On the same day Victorians were celebrating Premier Daniel Andrews’ announcement of the easing of the 112-day COVID-19 lockdown, the state government oversaw the felling of a 350-year-old tree sacred to the Djab Wurrung people in central Victoria. The tree was destroyed to make way for a multi-million-dollar highway upgrade.
More than 50 protesters were attacked and arrested by Victoria Police, who weaponised COVID-19 laws by fining at least 40 protesters for failing to comply with COVID-19 measures. A further ten protesters were arrested for obstructing police.
The $672 million Western Highway upgrade between Ballarat and Stawell began in 2013, but work on the Buangor to Ararat section did not begin until June 2018. Work in this section will result in the destruction of more than 3,000 trees, including at least 200 which hold cultural significance to the Djab Wurrung people. Among the trees are traditional birthing trees, to which Aboriginal women have come to give birth for hundreds of generations. The area holds “a deep intimate connection for Djab Wurrung women”, wrote Djab Wurrung woman and recently resigned member of the First Peoples’ Assembly of Victoria, Sissy Eileen Austin, in the Guardian.
When work first began on the section of the highway in June 2018, Djab Wurrung protesters established a Heritage Protection Embassy, calling for the highway to be rerouted and the area protected. According to the embassy’s website, not only are the birthing trees located on sacred women’s country, but they are also part of the songlines, which “connect us to the beginning of time, back to our spirit ancestors, our creators”.
In Aboriginal culture, songlines act as navigational tracks for safe travel across country, while also telling the history of the land, animals and plants. The songs sung along the songlines are the means by which cultural knowledge, values and practices are retained and passed down. The destroyed tree was known to the Djab Wurrung as a “directions tree”, which is a tree planted after the birth of a child where the placenta is mixed with the seed and the resulting tree becomes a source of spiritual guidance and connection to land and ancestors for the child.
The Andrews government has negotiated the highway project with the Indigenous custodians via the 2006 Victorian Aboriginal Heritage Act. But heritage acts and the process surrounding them are seriously flawed. In Victoria, in order to be recognised as the “primary guardians, keepers and knowledge holders of Aboriginal Cultural Heritage” under the Aboriginal Heritage Act, traditional owners must apply to become a “Registered Aboriginal Party”. To be recognised, they must become an incorporated organisation under the 2006 Aboriginal and Torres Strait Islander Corporations Commonwealth Act and be either a registered Native Title Holder with a Native Title Agreement or a Traditional Owner Entity Group with recognition and settlement agreement as part of the 2010 Victorian Traditional Settlement Act.
The problem with this, notes Deakin University anthropologist Associate Professor Melinda Hinksonin in a 5 November article for Arena, is that it “ensures that Aboriginal owners and custodians who refuse to participate on these terms will not be recognised”, resulting in them being “excluded from formal processes of consultation”.
Under the Victorian act, the current Registered Aboriginal Party for Djab Wurrung country is the Eastern Maar Aboriginal Corporation (EMAC).
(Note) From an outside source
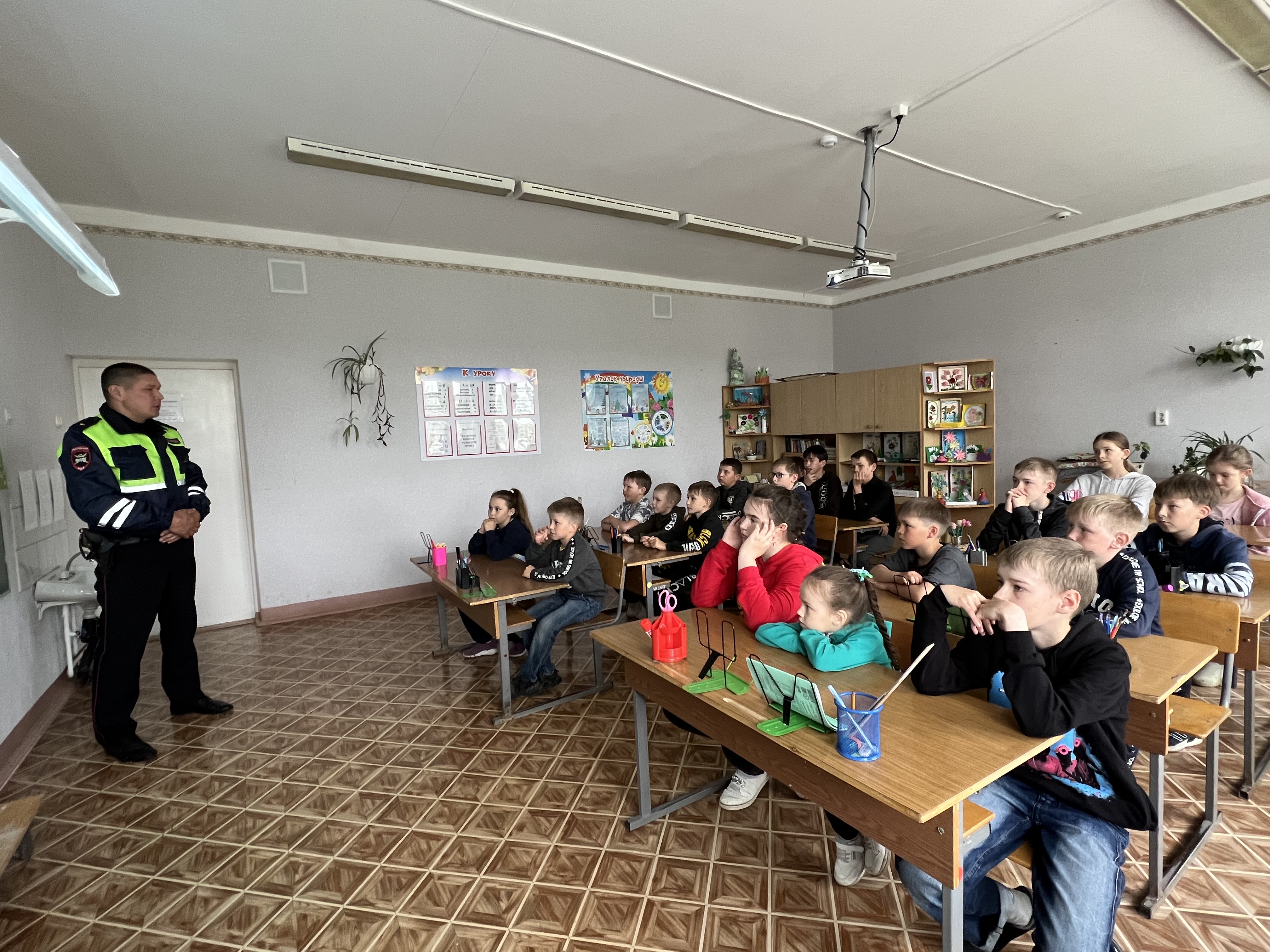 Начальник ОГИБДД отдела МВД России по Менделеевскому району Алгуатов К.Р. совместно с начальником отдела профилактики ГБУ «БДД» по району Халикуловой М.И. провели беседу, где были разъяснены правила безопасного поведения вблизи проезжей части, наиболее часто встречающихся опасных дорожных ситуаций.

EMAC took over the role in February of this year, after Martang—the original Registered Aboriginal Party, which had signed off on the highway extension in 2013—became defunct. In a media statement issued on 28 October, EMAC noted that “despite [the directions tree’s] age and majesty, extensive re-assessments did not reveal any characteristics consistent with cultural modification”. They went on to explain that the EMAC had previously won a significant “realignment” of the highway project, resulting in the preservation of 16 trees, two of which were birthing trees, as well as “marker”, “directions” and “grandmother” trees. But other Djab Wurrung people disagree with this assessment and argue the trees are of cultural significance.
University of Sydney director of Aboriginal and Torres Strait Islander Research, Professor Jaky Troy, told the ABC that Indigenous custodians often face a situation of “deciding which child to kill” when taking part in heritage negotiations. Troy, a Ngairgu woman, explained that the Djab Wurrung “were put in a position where something was going to have to go”. That is, traditional owners are forced into making pragmatic decisions in order to save some part of their cultural heritage, while being forced to sacrifice others.
This fact was further highlighted by EMAC’s chair, Jason Mifsud, in the same interview. Mifsud explained that despite earlier advocating for the directions tree to be protected, they were not able to save it because Aboriginal groups are “not negotiating from a position of power”. Instead, “you’re essentially, as a result of the Aboriginal Heritage Act, still the last in line in regards to protecting and preserving cultural heritage”.
In the aftermath of the destruction of the directions tree, prominent Aboriginal activist and Djab Wurrung woman Marjorie Thorpe has won a three-week injunction to stop construction. The case will return to the Supreme Court on 19 November. In the meantime, the Djab Wurrung Heritage Protection Embassy activists are calling for the return of the destroyed tree and are continuing their campaign.